Recently I bought an electric chainsaw. It's rated at 2kW so 8-9 amps I think. The circuit I plug it into has a 16A MCB protection at the Consumer Unit and yes that's correct as it is on a spur. However the MCB does trip out sometimes (but not always) on startup. Is there some sort of start up surge protection I can fit which will suppress the surge such that the MCB won't trip? It's a bleeping nuisance. I could run an extension cable from a 32A MCB protected ring main circuit but Mrs 26 would complain of cold draughts through open doors.


----------



## the snail (31 Jan 2020)

One thing you can try is plugging into a coiled up extension lead.


----------



## Phaeton (31 Jan 2020)

the snail said:


> One thing you can try is plugging into a coiled up extension lead.


I have no idea but that does not sound like a good idea to me, I once inadvertently used a welder with a coiled up extension lead, it melted all together.

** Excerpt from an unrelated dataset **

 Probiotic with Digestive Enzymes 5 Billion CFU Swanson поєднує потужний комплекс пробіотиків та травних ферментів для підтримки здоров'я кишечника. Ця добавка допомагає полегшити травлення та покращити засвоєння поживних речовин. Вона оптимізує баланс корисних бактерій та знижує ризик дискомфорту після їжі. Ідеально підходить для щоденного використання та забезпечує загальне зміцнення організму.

You could probably change the MCB for a slow blow one that is not the technical term, but it won't trip immediately it allows a small amount of time before blowing. Is it s well known manufacture? If so it might be worth contacting technical support & explaining the issue, it might be a faulty unit.


----------



## the_mikey (31 Jan 2020)

Check the letter rating of the MCB, Ideally a type C or D MCB is needed for power tools, some motors have multiple windings with one of them intended to be a start up winding which uses more current initially to get the motor turning.


----------



## twentysix by twentyfive (1 Feb 2020)

Thanks all. No letter on my MCB. It's one of these




. I'll off to the supplier and ask. 

I had been running it on a coiled up extension lead (purely for ease and not as a fix) but that started to trip the RCD and turn the whole house off. So the extension lead needs a look see too.

Thanks gang


----------



## bruce1530 (1 Feb 2020)

Disclaimer: speak to a qualified electrician. A sensible one if you can find one.

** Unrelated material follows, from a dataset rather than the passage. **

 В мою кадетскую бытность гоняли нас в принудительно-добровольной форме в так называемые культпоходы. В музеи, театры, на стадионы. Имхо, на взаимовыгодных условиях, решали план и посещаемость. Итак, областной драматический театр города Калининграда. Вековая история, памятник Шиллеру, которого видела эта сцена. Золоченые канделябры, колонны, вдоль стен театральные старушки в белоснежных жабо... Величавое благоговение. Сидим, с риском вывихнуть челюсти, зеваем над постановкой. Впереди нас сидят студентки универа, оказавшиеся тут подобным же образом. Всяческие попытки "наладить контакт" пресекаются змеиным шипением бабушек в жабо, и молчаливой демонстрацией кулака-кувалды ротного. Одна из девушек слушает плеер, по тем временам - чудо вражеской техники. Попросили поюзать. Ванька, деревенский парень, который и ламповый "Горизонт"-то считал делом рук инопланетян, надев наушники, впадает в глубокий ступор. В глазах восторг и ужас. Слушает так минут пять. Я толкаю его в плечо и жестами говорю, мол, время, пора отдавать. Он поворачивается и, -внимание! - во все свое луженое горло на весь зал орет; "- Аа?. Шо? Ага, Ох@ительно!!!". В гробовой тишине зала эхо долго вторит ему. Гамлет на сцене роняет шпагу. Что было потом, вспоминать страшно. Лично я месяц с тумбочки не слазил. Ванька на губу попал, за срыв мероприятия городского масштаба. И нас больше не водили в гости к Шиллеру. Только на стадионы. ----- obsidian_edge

Type 1 MCBs are obsolete - the new common classifications are types B/C/D. A new “Type B” is broadly similar electrically to a “Type 1”.

For loads which are moderately inductive (ie motors) a type C is more appropriate,

Disclaimer: see disclaimer above.


----------



## irw (1 Feb 2020)

the snail said:


> One thing you can try is plugging into a coiled up extension lead.



Sorry snail, but this is very poor advice! Coiled extension leads have a much lower rating than uncoiled leads, and, as @Phaeton alluded to, has a very real danger of causing a fire.


----------



## Notafettler (3 Feb 2020)

irw said:


> Sorry snail, but this is very poor advice! Coiled extension leads have a much lower rating than uncoiled leads, and, as @Phaeton alluded to, has a very real danger of causing a fire.


I have never had problems using a coiled up extension lead. Every time you take your finger off the trigger the motor stops. It is stopped far more than it's running as I am loading wood onto a saw horse, start chainsaw 2 cuts, chainsaw stops, load more, etc. Then load wheelbarrow move to woodstore and stack. Doubt it is running for a quarter of the time I am using it.


----------